*** Begin section ***
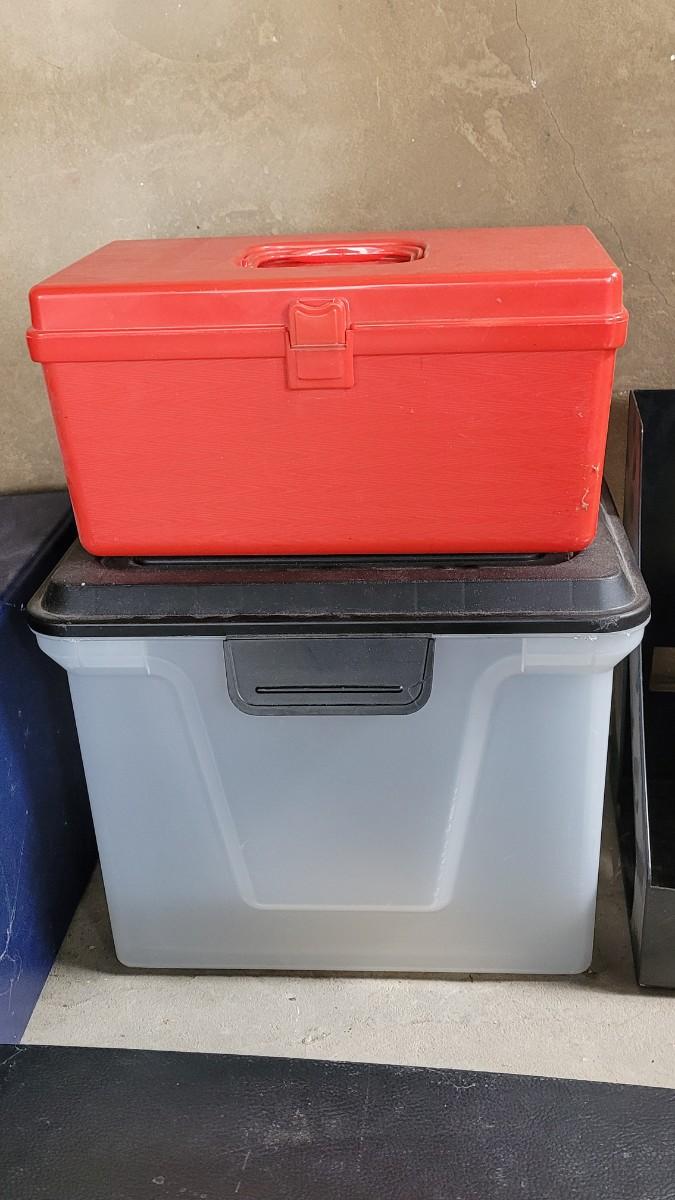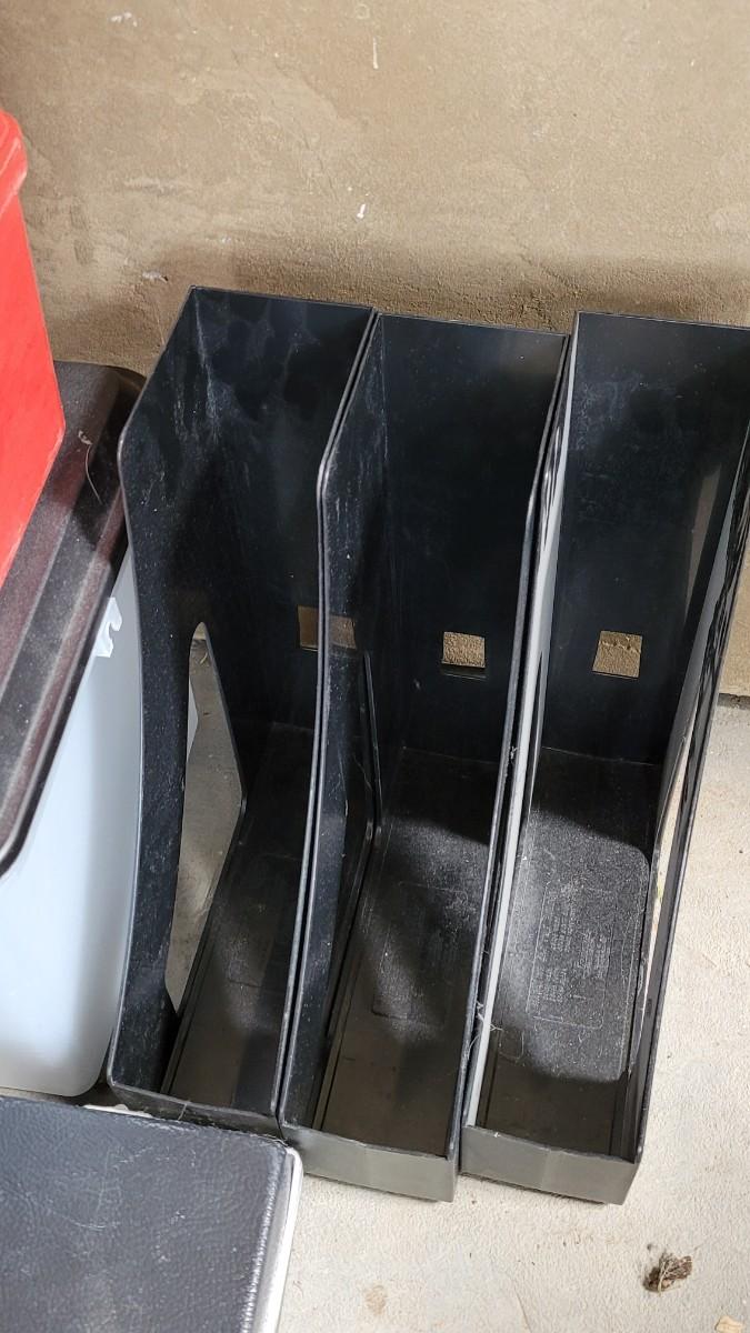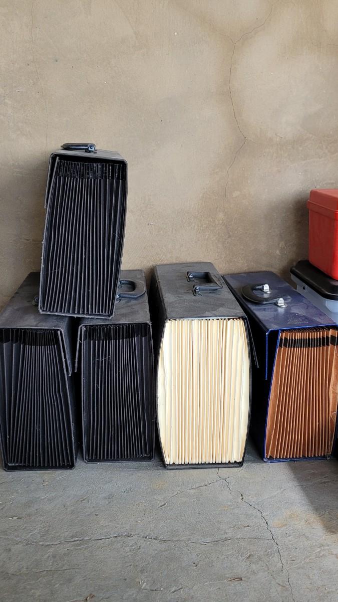 Lot 9: Accordian File Boxes, Plastic File Box, Red Organizer Box,  Magazine Holders and a Vintage Briefcase
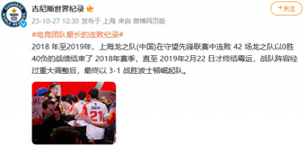 近日,吉尼斯世界纪录官方微博公布上海龙之队(中国)获电竞团队最长的连败纪录。2018年至2019年,上海龙之队(中国)在守望先锋联赛中连败42场龙之队以0胜40负的战绩结束了2018年赛季,直至 2019年2月22日才终结霉运,战队阵容经过重大调整后,最终以3-1战胜波士顿崛起队。
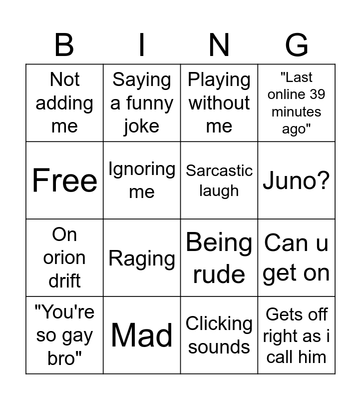 This bingo card has 16 words: Mad, Can u get on, Playing without me, Not adding me, On orion drift, Saying a funny joke, Being rude, Clicking sounds, Free, Ignoring me, "You're so gay bro", "Last online 39 minutes ago", Raging, Juno?, Sarcastic laugh and Gets off right as i call him.
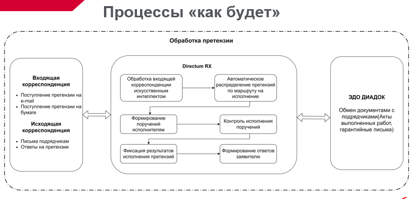 Стандартная функциональность Directum RX не обеспечивала сквозную автоматизацию работы с претензиями — от распознавания входящих документов до подготовки и отправки ответа заявителю.
*** End section ***
Find where the line with "近日,吉尼斯世界纪录官方微博" sits in the material above and where the line with "This bingo card" sits. Set down exactly the lines from the first to the second, both included and nothing else, without pictures.

ANSWER TO THE EXERCISE
 近日,吉尼斯世界纪录官方微博公布上海龙之队(中国)获电竞团队最长的连败纪录。2018年至2019年,上海龙之队(中国)在守望先锋联赛中连败42场龙之队以0胜40负的战绩结束了2018年赛季,直至 2019年2月22日才终结霉运,战队阵容经过重大调整后,最终以3-1战胜波士顿崛起队。
 This bingo card has 16 words: Mad, Can u get on, Playing without me, Not adding me, On orion drift, Saying a funny joke, Being rude, Clicking sounds, Free, Ignoring me, "You're so gay bro", "Last online 39 minutes ago", Raging, Juno?, Sarcastic laugh and Gets off right as i call him.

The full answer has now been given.